In order to see the impact of this change, we compare now the behaviour of the implementation at these two iterations. We use 3 different parallel configurations ( $16\times 1$ , $8\times 2$ , $4\times 4$ ) and 4 different numbers of CEs (16, 32, 64, 128). The “prio” strategy is always used.

For the first iteration, Table 4 gives some informations about the DAG that have been generated. The Tsub column indicates the time needed to insert all the tasks, the elementary tasks column indicates how many tasks would have been generated without the usage of pack, while the inserted packs column indicates how many tasks were actually inserted inside the runtime. Figure 16 shows the performance obtained. The black line shows the performance for the OpenMP version.
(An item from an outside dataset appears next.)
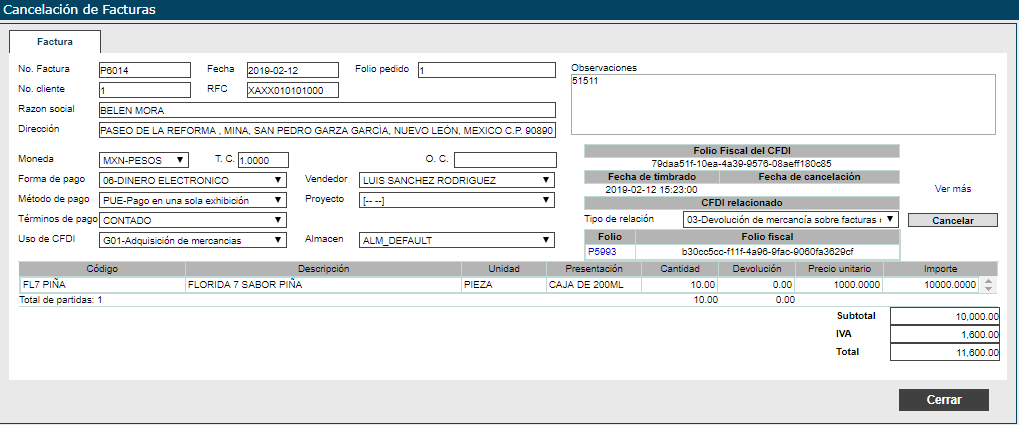 - Cancelación por Re facturación: se cancela la factura y permite volver a crear una factura nueva con el mismo pedido. Los campos no serán editables, solo la información del cliente.
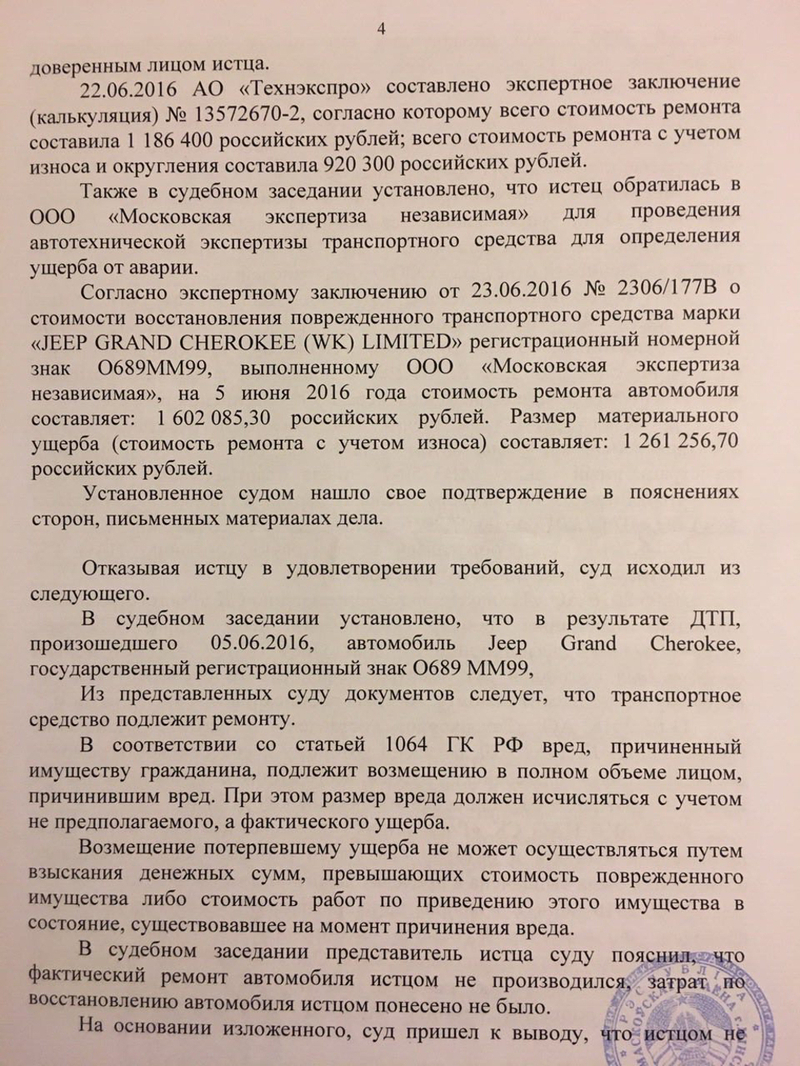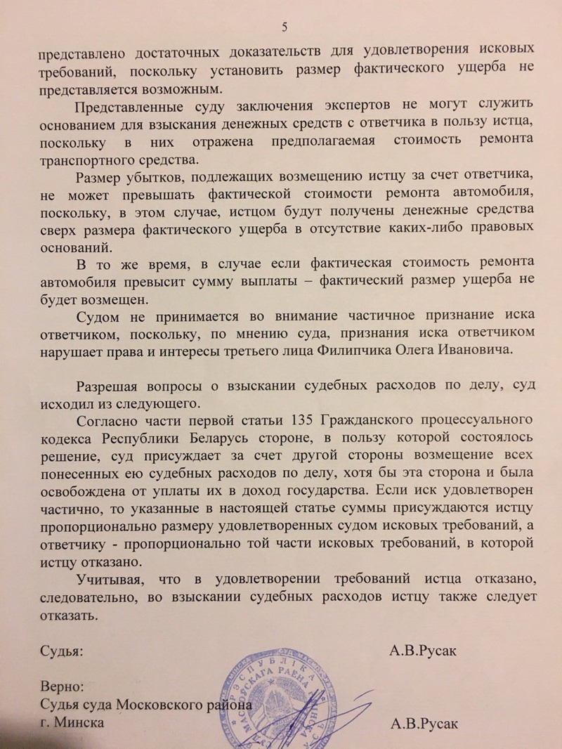 Туда и отправилась водительница разбитого «джипа» в августе 2016-го, чтобы отсудить 840 000 рублей — разницу между независимой оценкой повреждений и фактически выплаченной в рамках ОСАГО суммой. Помимо затрат на проживание и услуги местного адвоката, пришлось внести в белорусскую казну 5% от суммы иска. Слушание дела состоялось 17 ноября 2016. Результатом стал полный отказ в удовлетворении требований российского автовладельца, поскольку экспертиза, как решило белорусское правосудие, насчитала «предполагаемый», а не реальный ущерб. И, по мнению судьи, взыскание рассчитанной экспертами суммы с ООО «Белтрансвейс» может привести к незаконному обогащению Олейниковой Е.

Table 5 and Figure 17 give the same informations for the 2300th iteration.

If we look at both Tables 4 and 5, we can notice first that the packing strategy tends to reduce the number of tasks that the runtime has to manage. Increasing the number of CEs raises the number of tasks and the time needed to submit these tasks. If we compare the number of tasks inserted for the two iterations, we see that the number of tasks inserted is more important at the 2300th iteration.

Considering now Figures 16 and 17, it is important to notice that the 2300th iteration is more expensive than the first one. This is true for both OpenMP (25.88s versus 20.32s ) and all task-based versions and this is consistent with Figure 11c.

Again, we can notice that adding more CEs reduces the synchronization time. Using larger workers reduces the synchronization time but has a negative impact for the time spent executing tasks and increases the overhead. But if we look at the synchronization time for the 2300th iteration, it is more important than for at the first one. With 16 CEs, only the $4\times 4$ configuration performs better than the OpenMP version. Without parallel workers (configuration $16\times 1$ ), the synchronization time in this case is more important than the time spent executing and so the task-based version is beaten by the OpenMP one. With 32 and 64 CEs, the synchronization time is still important, and the task-based version without parallel workers is beaten by the OpenMP one. This result emphasizes the gain due to the use of parallel workers : the $4\times 4$ configuration performs better than all the others from 16 to 64 CEs and is only beaten by the $8\times 2$ one with 128 CEs. As shown by Tables 4 and 5, increasing the number of CEs implies a more expensive task submission cost. The impact of parallel workers on this submission cost is neglectable and their use allows to greatly reduce the time spent in synchronization.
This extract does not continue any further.